How to turn off wraparound?

max9111 · October 19, 2022, 9:31am

Warparound checking is quite costly and often not necessary, if it can be guaranteed by the programmer that negative indices are not occurring.
In principal this could be detected in simple cases, but the main question is how to turn it off completely?

Example

import numpy as np
import numba as nb

A=np.random.rand(1_000_000)
res=np.zeros(1_000_000)

@nb.njit()
def func_1(A,res):
    for i in range(1,A.shape[0]-1):
        res[i]=A[i-1]+A[i+1]
    return res

@nb.njit()
def func_2(A,res):
    for i in range(A.shape[0]-2):
        res[i+1]=A[i]+A[i+2]
    return res

#Uneccesary wraparound enabled
%timeit func_1(A,res)
#1.36 ms ± 7.36 µs per loop (mean ± std. dev. of 7 runs, 1000 loops each)

#No wraparound
%timeit func_2(A,res)
#637 µs ± 6.1 µs per loop (mean ± std. dev. of 7 runs, 1000 loops each)

luk-f-a · October 20, 2022, 4:00pm

hi @max9111 I think it depends what you mean by “completely”.

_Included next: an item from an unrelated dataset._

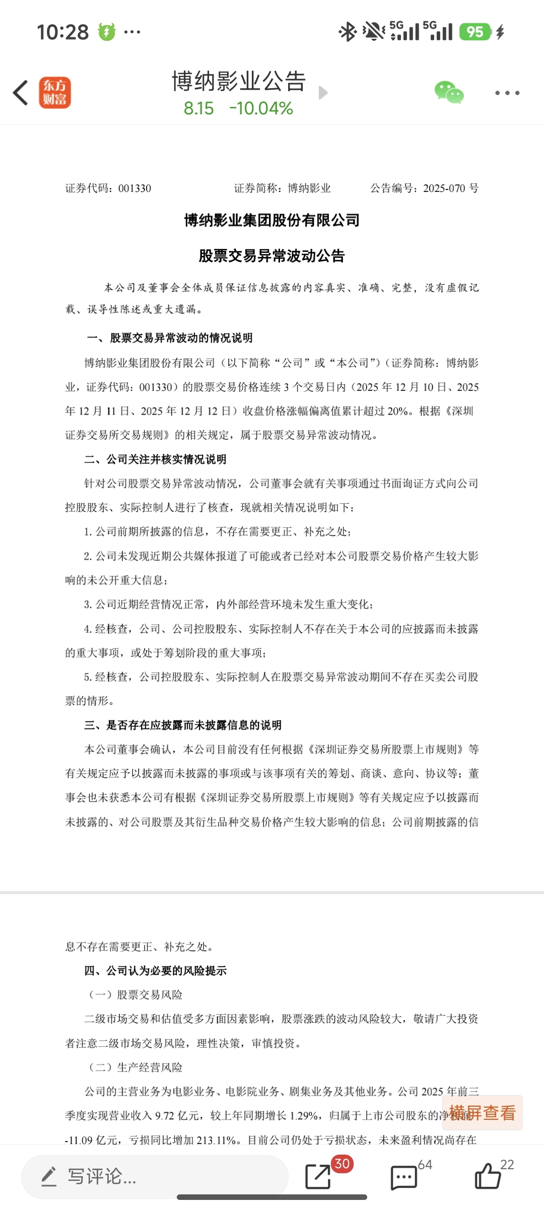 $博纳影业(SZ001330)$ 别人在12号的时候就提示风险了,现在在这儿说要举报,合着又想要高收益又不想承担高风险,一群小丑

You can “disable” it for any given loop by casting the loop variable to an unsigned integer, as described in this discussion: Uint64 vs int64 indexing performance difference

I’m not aware of a way to turn it off globally.

Luk

max9111 · October 21, 2022, 8:57am

Thanks @luk-f-a , but I tried a bit further. It looks like the main performance impact comes from a loop, which doesn’t start with zero.

Example

import numpy as np
import numba as nb

A=np.random.rand(1_000_000)
res=np.zeros(1_000_000)

@nb.njit()
def func_1(A,res):
    for i in range(1,A.shape[0]-1):
        res[i]=A[i]+A[i+1]
    return res

@nb.njit()
def func_2(A,res):
    for i in range(A.shape[0]-2):
        res[i+1]=A[i+1]+A[i+2]
    return res

#Loop starts with one (slow)
%timeit func_1(A,res)
#1.36 ms ± 7.36 µs per loop (mean ± std. dev. of 7 runs, 1000 loops each)

#Expected performacne
%timeit func_2(A,res)
#637 µs ± 6.1 µs per loop (mean ± std. dev. of 7 runs, 1000 loops each)

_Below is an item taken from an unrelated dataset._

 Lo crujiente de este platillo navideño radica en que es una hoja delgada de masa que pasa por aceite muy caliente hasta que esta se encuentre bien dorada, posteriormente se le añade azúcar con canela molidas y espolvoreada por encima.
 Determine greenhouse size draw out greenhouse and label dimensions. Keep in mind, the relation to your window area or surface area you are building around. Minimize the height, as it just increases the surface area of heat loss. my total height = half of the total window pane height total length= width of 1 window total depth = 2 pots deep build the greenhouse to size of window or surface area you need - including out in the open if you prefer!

Another Example: Workaround 1&2 works as expected, while the code in the question is about a factor of 10 slower. Maybe I should open an issue, or is this behavior somehow expected?

sschaer · October 21, 2022, 1:35pm

Hi @max9111

Unfortunately, I cannot tell you what happened in your case. However, it might be a useful hint that I could not reproduce your results (Numba 0.56.0 and Python 3.9.2). I get exactly the same timings for both functions. In any case, make sure that both functions have already been called before you time them. You may know that the functions are compiled on the first call. But there is also a relatively high (some 100 ms) overhead for the very first call of a jitted function.

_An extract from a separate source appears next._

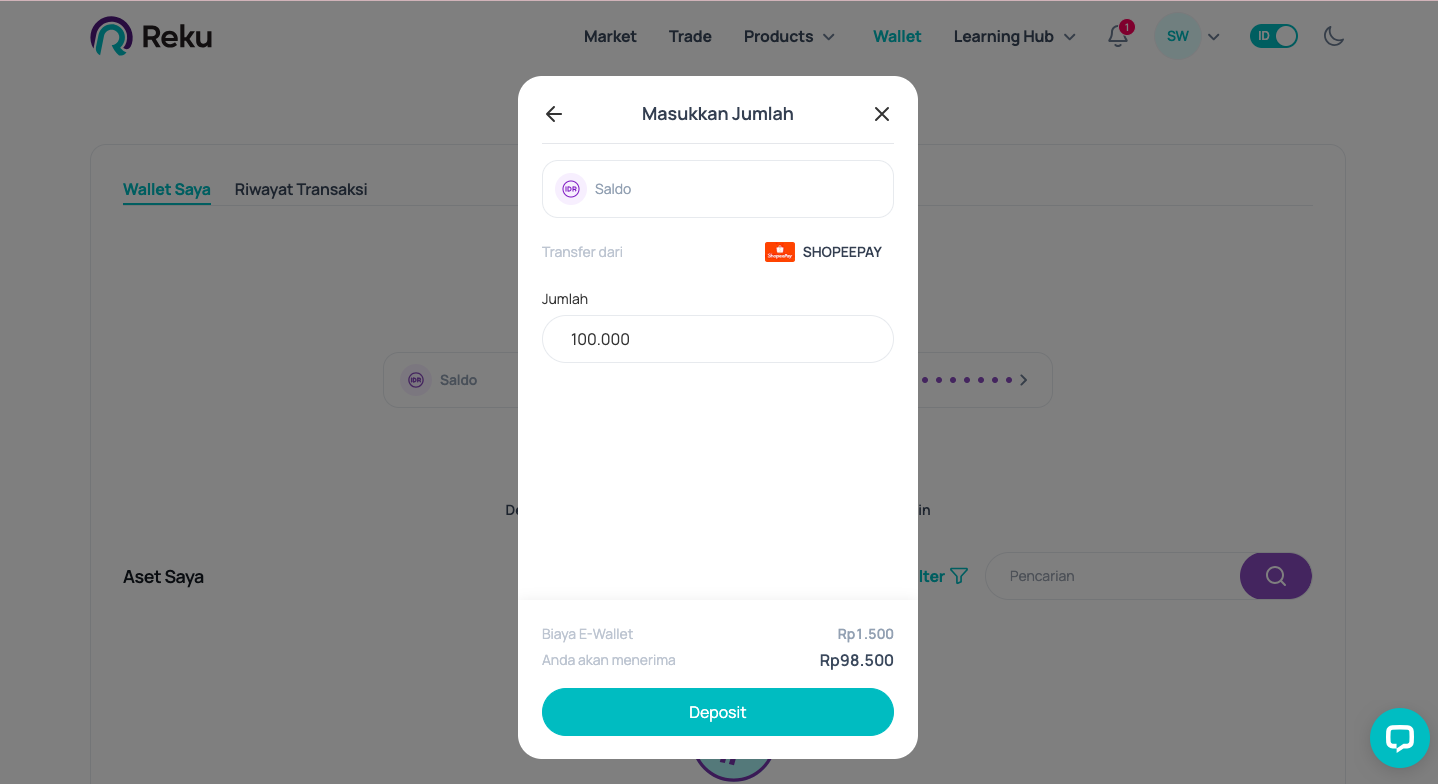 User Reku dapat melakukan deposit melalui ShopeePay. Setiap pembayaran yang masuk melalui ShopeePay akan dideteksi secara instan dan otomatis oleh sistem, sehingga tidak perlu lagi melakukan konfirmasi manual, seperti mengunggah foto atau bukti transfer. Selain melalui virtual account, kamu juga dapat melakukan deposit rupiah melalui transfer bank.

nelson2005 · October 21, 2022, 2:36pm

I also cannot reproduce on RHEL7/3.7.9/numba 0.50.1

max9111 · October 21, 2022, 3:20pm

It was a version issue

The simple example above was on version 0.53, which was used because of this issues.
https://github.com/numba/numba/issues/8172
https://github.com/numba/numba/issues/8398

On newer versions (0.56) both simple examples are working.

Actual code in version 0.53

import numba as nb
import numpy as np

float_type = np.float32
#float_type = np.float64

itot = 384;
jtot = 384;
ktot = 384;
ncells = itot*jtot*ktot;

at = np.zeros((ktot, jtot, itot), dtype=float_type)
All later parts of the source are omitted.